Pseudomonas aeruginosa is a multidrug-resistant pathogenic bacterium that poses a substantial threat to global public health because of its resistance to antibiotics, and especially to last-resort colistin. The aim of this study is to perform a comparative analysis between the antibiotic-sensitive isolate A and the resistant isolate C (8 µg/mL for isolate A and 128 µg/mL for isolate C), with the intent of elucidating the discrete molecular mechanisms underpinning resistance. This investigation seeks to distinguish between pathways inherently expressed in the absence of antibiotic exposure (acquired resistance) and those activated in response to antibiotic challenge (induced resistance), thereby providing deeper insights into the multifaceted nature of antimicrobial resistance in P. aeruginosa.

Results

Proteomic analysis, performed under basal conditions and after exposure to increasing doses of colistin, revealed that, although both isolates have intrinsic resistance to several antimicrobials, the mechanisms underlying colistin resistance diverge significantly. While isolate A showed a stable proteomic response, characterized by the overexpression of proteins related to membrane remodeling and efflux systems, isolate C demonstrated a more dynamic response, evidenced by metabolic adaptations and oxidative stress mitigation mechanisms.
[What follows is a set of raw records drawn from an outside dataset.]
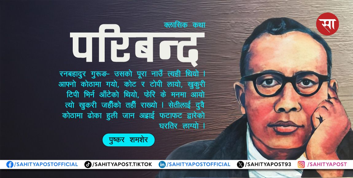रनबहादुर गुरुङ– उसको पूरा नाउँ त्यही थियो । आफ्नो कोठामा गयो, कोट र टोपी लायो, खुकुरी टिपी भिर्न आँटेको थियो, फेरि के मनमा आयो त्यो खुकरी जहीँको तहीँ राख्यो । सेतीलाई दुवै कोठामा ढोका हुली जान अह्राई फटाफट द्वारेको घरतिर लाग्यो ।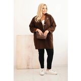 Kesi Włoski Plus Size women's coat with wool and pockets shearling brown cijene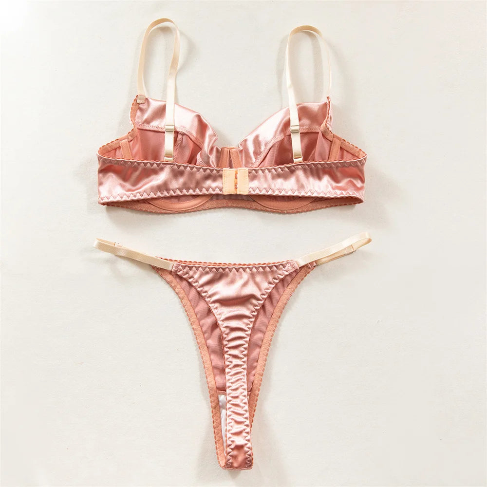 Crafted in smooth satin with delicate patchwork detailing, Azure Satin Set™ contours the body with a sculpted bra and a sleek thong. The deep azure tone adds a modern touch of luxury, enhancing confidence with understated allure.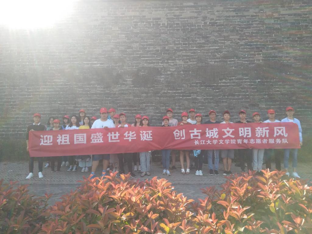 (通讯员 孙桥)为响应中共十九大、团十八大精神,争当四有青年,同时为迎接十一国庆节的到来,贯彻落实文明荆州创建活动。文学院青支队联合文学院团委员工会以及文学院16级预备党员组成志愿者团体共同发起以“迎祖国盛世华诞,创古城文明新风”为主题的城墙清扫志愿活动。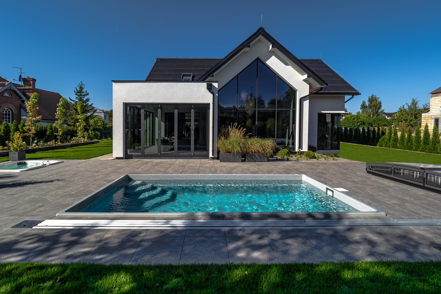 En af de mindre pools med målene 6m x 3m x 1,45 i forstærket polyester . Denne pool kan, ligesom alle andre pools, installeres indendørs såvel som udendørs i haver eller på terrasser. Modellen har en praktisk trappe på venstre side af poolens sidevæg.

These differences suggest that each isolate employs specific strategies to cope with antimicrobial pressure, which has direct implications for the choice of alternative therapies and the development of optimized dosing regimens.

Conclusions

The findings have direct implications for the choice of alternative therapies and the development of optimized dosing regimen. In summary, the results reinforce the complexity of resistance mechanisms in P. aeruginosa and highlight the importance of personalized therapeutic approaches for the management of infections caused by multidrug-resistant isolates.